GEORGIAN BAY
By “The Bay” I am referring to the approximately 150 km stretch of coastline running from the French River to Port Severn that forms the eastern edge of Georgian Bay.
In a lovely piece in the Walrus, “The Map Maker”, the writer, David MacFarlane, quotes Canadian painter, John Hartman, who lives and paints on the Bay: “I believe we all have a home landscape, a place from our childhood, whose light, space and scale are the benchmark for all other landscapes. We all carry our home landscapes around inside us.” The eastern shore of Georgian Bay is my home landscape.
I spent the summers of my childhood at a small resort between Snug Harbour and Parry Sound called Jacknife Lodge. In my twenties I returned to the Bay, paddling to the outer islands with friends on Friday evenings to camp and watch the Perseids.

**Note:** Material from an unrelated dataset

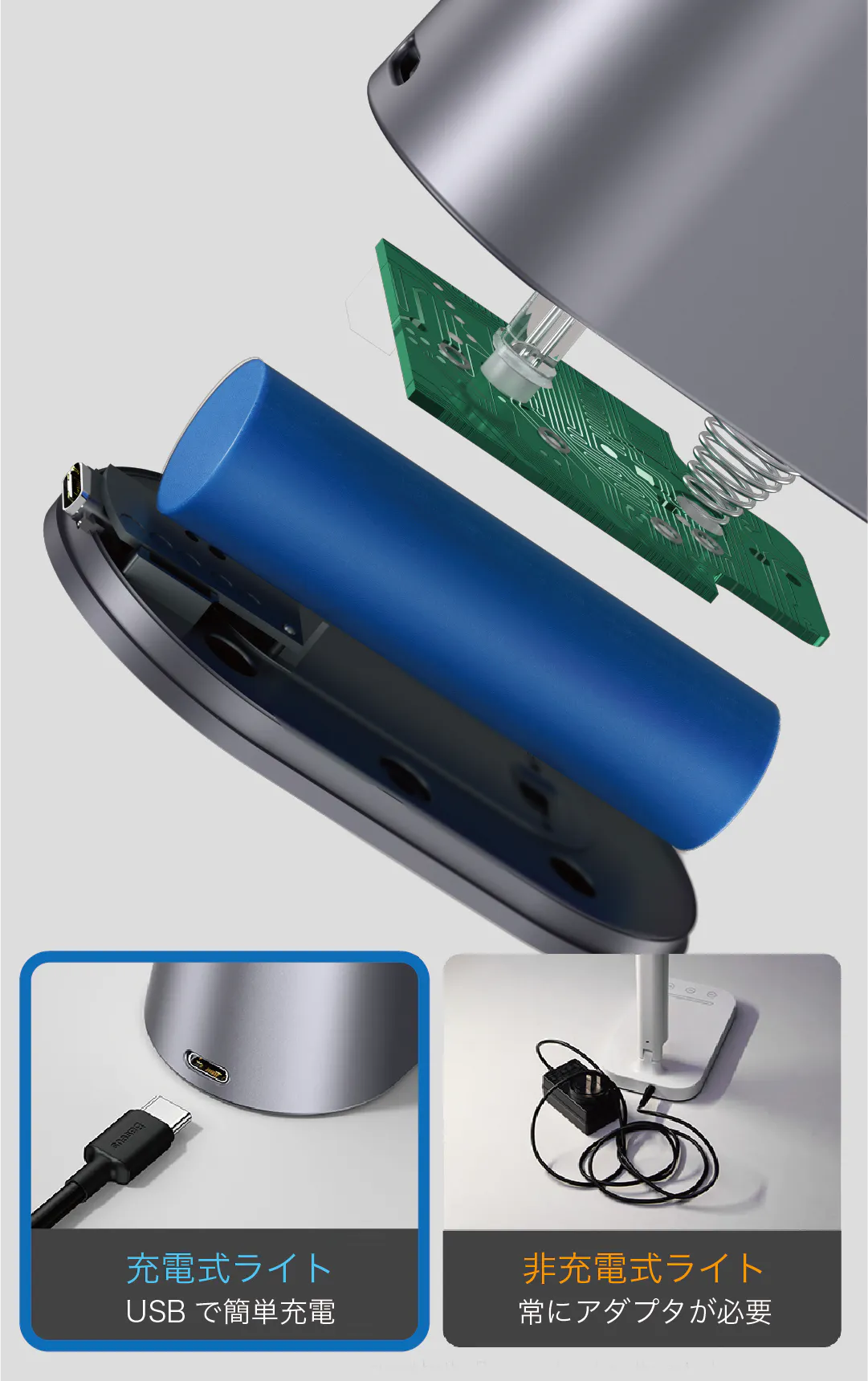【Lumiera】はUSB Type-Cポートで充電できるのでアダプターは不要。かつ極めて省エネで、消費電力は僅か5Wです。そして2200mAhの大容量バッテリーを備えていますので、ハイライトで3時間、ローライトで13時間以上の連続照明が可能です。
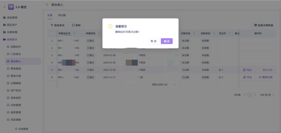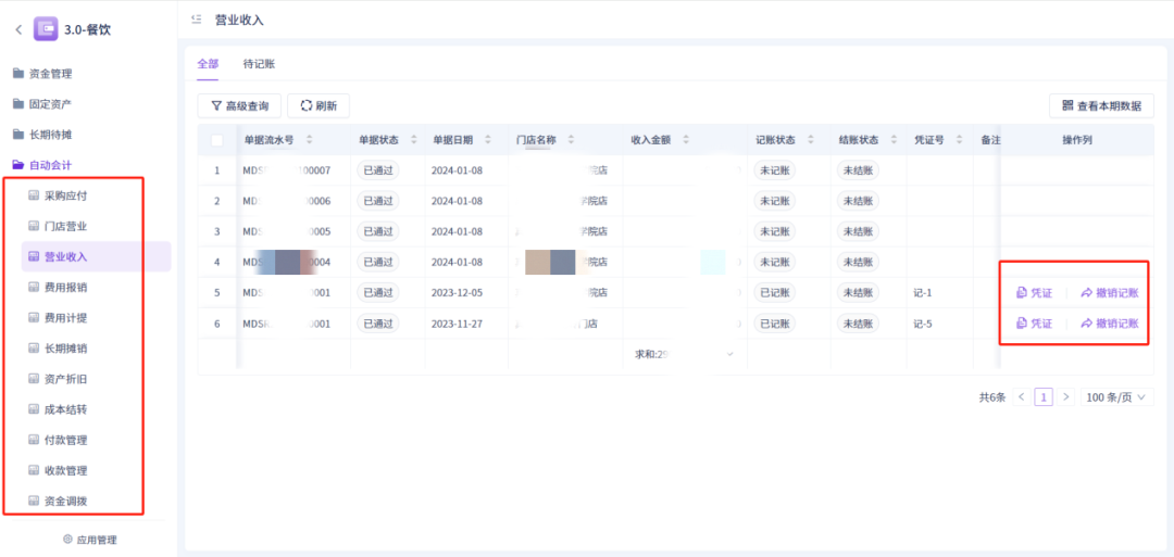 「自动会计」支持业务单据生成凭证,凭证可撤销重新生成;所有业务单据均支持快捷查看本期数据;

I have spent the last forty odd summers exploring the islands and shoals of that coast – a place where, when faced with the troubles of modern life, I have often sought the solitude and spiritual renewal that Wendell Berry so beautifully and sparingly conveys in his poem, “The Peace of Wild Things“.

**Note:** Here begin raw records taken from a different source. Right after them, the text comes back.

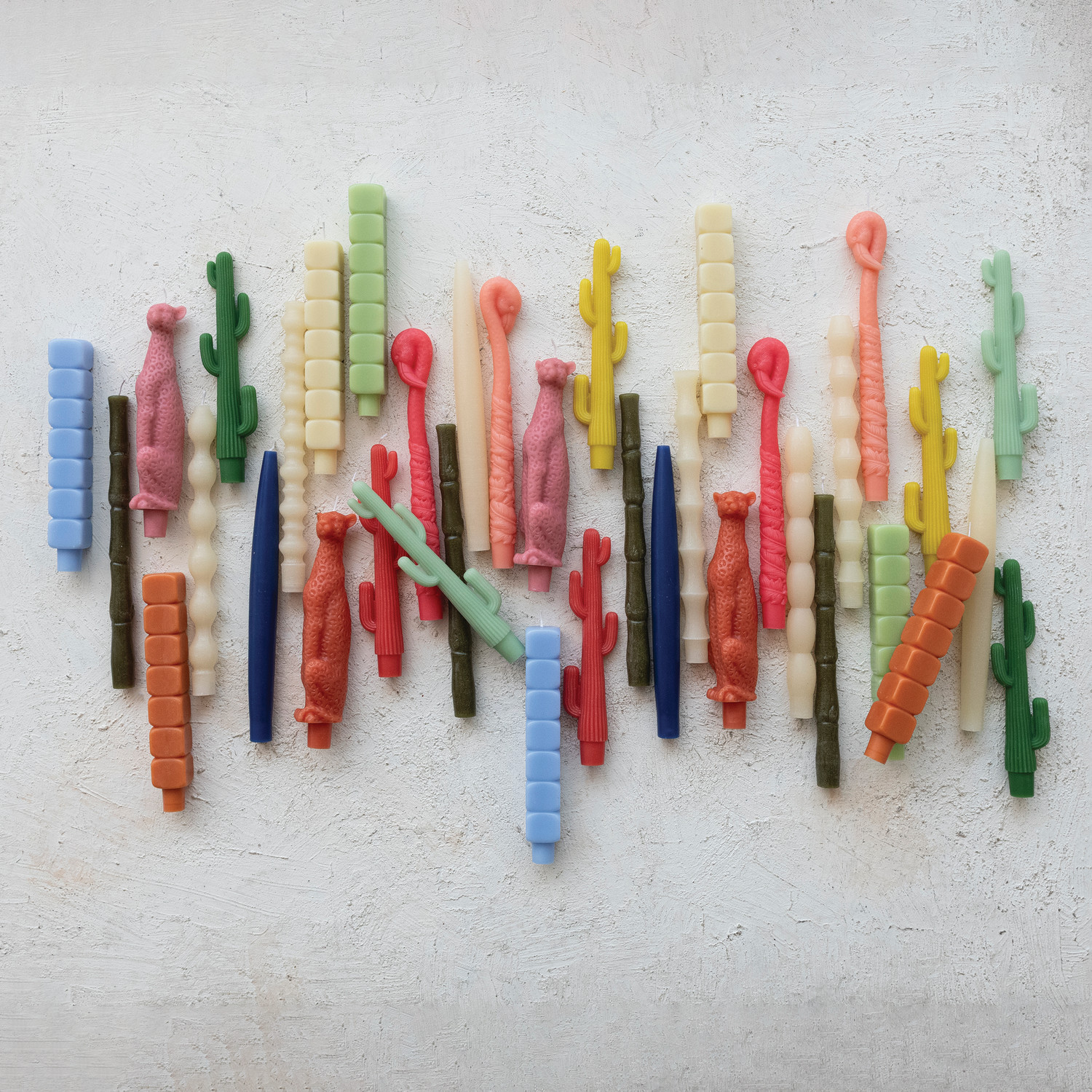 Catalog Name: 8"H Unscented Stacked Blocks Shaped Taper Candles in Box, Blue, Set of 2 (Est. Burn Time 12 Hours)
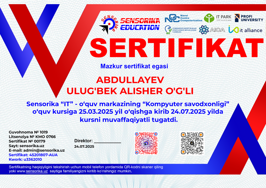 Sertifikat raqami: 45201807-AUA
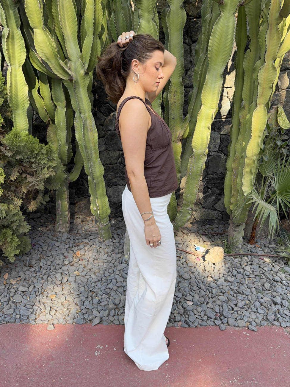 This feminine top in a warm brown shade combines simplicity with refined details. The soft cotton blend feels comfortable against the skin, while the ruched straps add a playful, modern twist. The lightly structured bodice drapes elegantly over the body, creating a relaxed yet stylish silhouette. A versatile piece that can be dressed up with high-waisted trousers and jewelry for the evening – or paired with shorts and sandals for a warm summer day. The muted color makes it easy to match with both light and dark tones in your wardrobe.

Wendell Berry’s poetry is, of course, part of a long and well-trodden romantic tradition that emphasizes both a deep affection for place and nature’s gift for quieting the mind, bringing worldly concerns into perspective, and evoking feelings of connection with nature – a perspective we all, perhaps, could do with more of.
It is in this spirit that I offer these photographs of the Bay.